- Outfielder
- Born: July 11, 1933 Friendship, Oklahoma, U.S.
- Died: November 4, 2018 (aged 85) Tamaqua, Pennsylvania, U.S.
- Batted: RightThrew: Right

Teams
- Grand Rapids Chicks (1953);

Career highlights and awards
- Women in Baseball – AAGPBL Permanent Display at the Baseball Hall of Fame and Museum (since 1988);

= Katherine Herring =

American baseball player (1933–2018)

Katherine "Katie" Herring (later James; July 11, 1933 – November 4, 2018) was an All-American Girls Professional Baseball League player. Listed at 5' 4", 118 Lb., Herring batted and threw right handed. She was dubbed Katie by her teammates.

==Biography==
Herring was born in Friendship, Oklahoma, on July 11, 1933, the daughter of William D. and Beryl (Martin) Herring.

In 1952, Herring joined the All-American Girls Professional Baseball League, and was assigned to the Grand Rapids Chicks as an outfielder for the 1953 season.

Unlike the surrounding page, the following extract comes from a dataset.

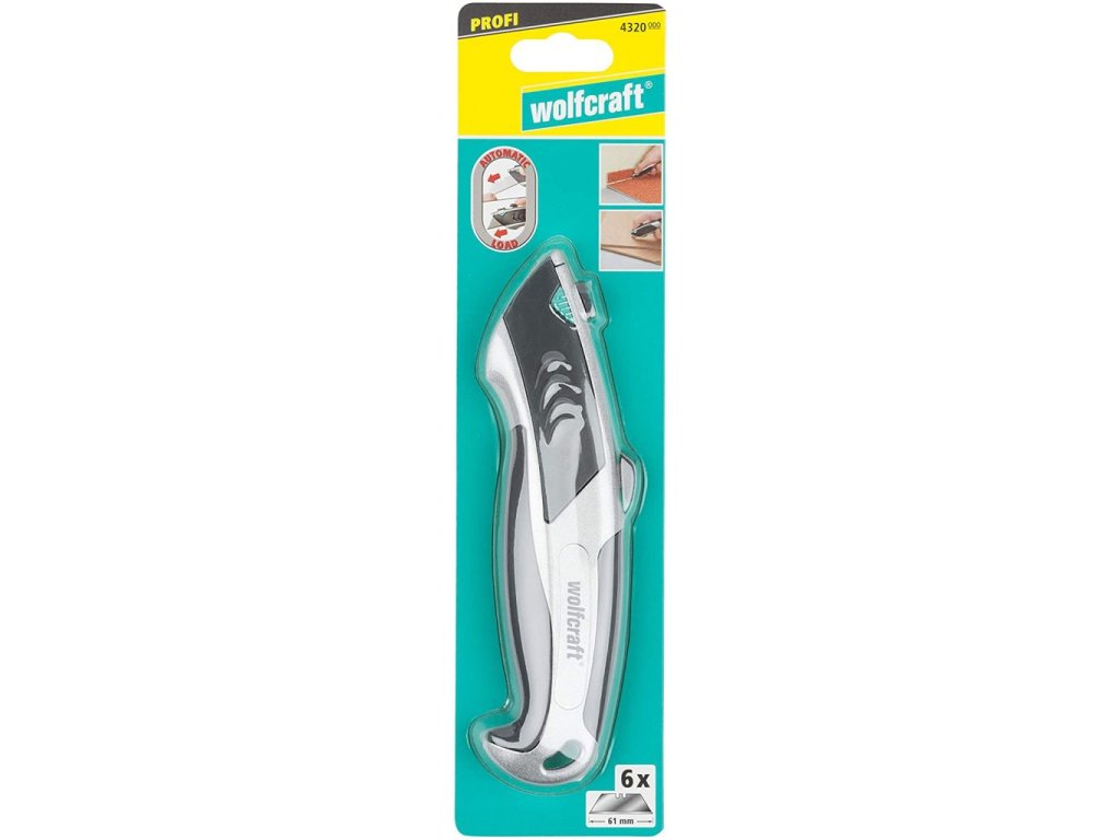 Wolfcraft Nôž s trapézovou čepeľou Profi Auto-Load so zasúvaním a zásobníkom na 6ks čepelí, wolfcraft 4320000

In 1988, she was inaugurated a permanent display at the Baseball Hall of Fame and Museum at Cooperstown, New York, which honors those who were part of the All-American Girls Professional Baseball League.

Herring was married to Paul C. James Sr., who died on November 2, 2013. On November 4, 2018, she died in Tamaqua, Pennsylvania, and was survived by her two sons, three siblings, and three grandchildren.